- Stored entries
※ ※ ※

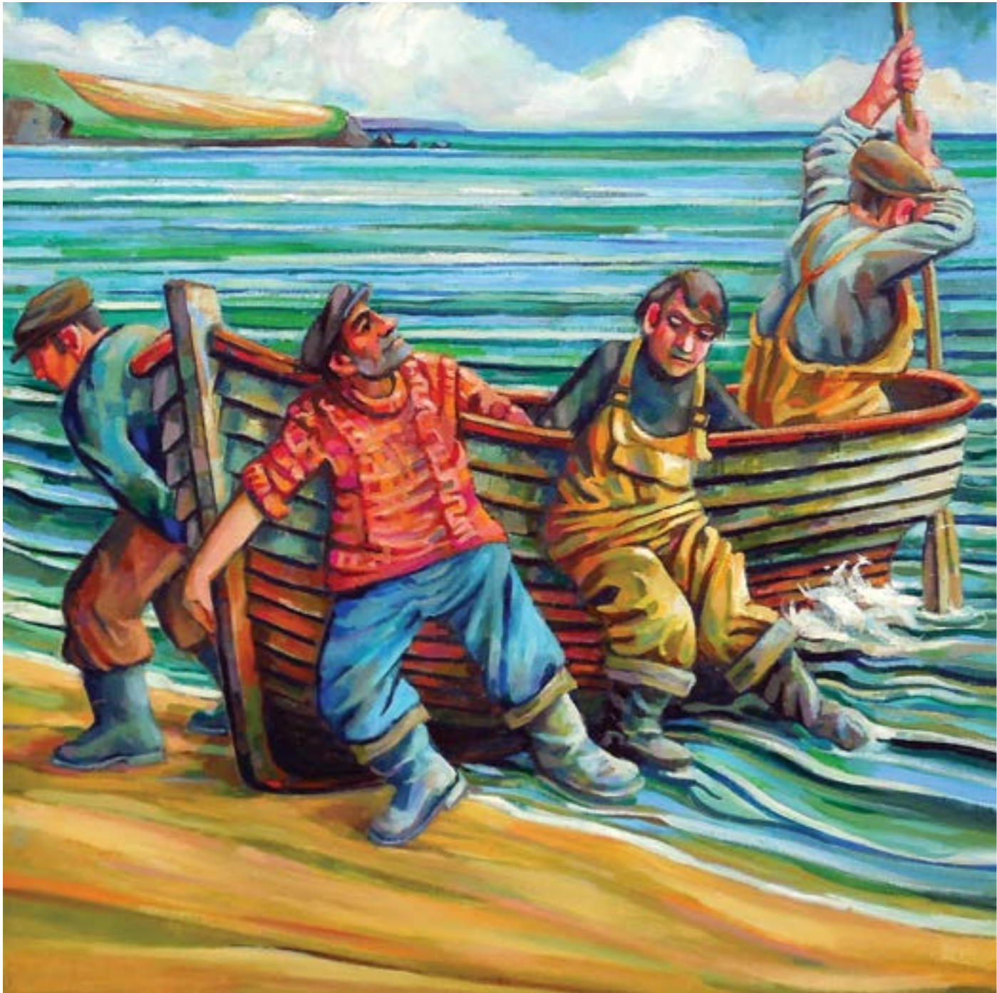
Return 24" x 22"
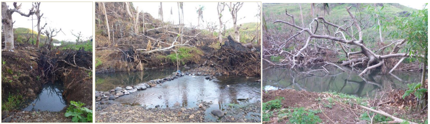
Figure 5 - Blocked irrigation system (Nayavutoka) – Stagnant water (Nabukadra)
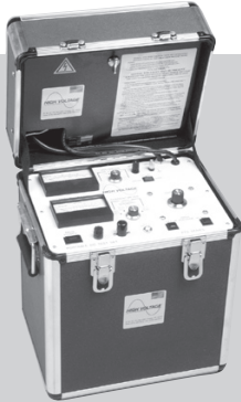
PTS-75 Model (0-75 kVdc, 10mA)

Two HV Portable DC Test Sets for the Price of One!
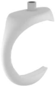
Ref. 69040 Suspension clip for K-NFR-1600-24V series
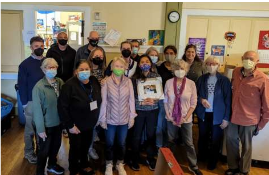
Our amazing team of volunteers

※ ※ ※

- Exercise brief
Pictures are to be omitted. The lines from the line holding "PTS-75 Model (0-75 kVdc, 10mA)" through the closing line of the data above are to be set down exactly, and nothing more.

- Exercise response
PTS-75 Model (0-75 kVdc, 10mA)

Two HV Portable DC Test Sets for the Price of One!
Ref. 69040 Suspension clip for K-NFR-1600-24V series
Our amazing team of volunteers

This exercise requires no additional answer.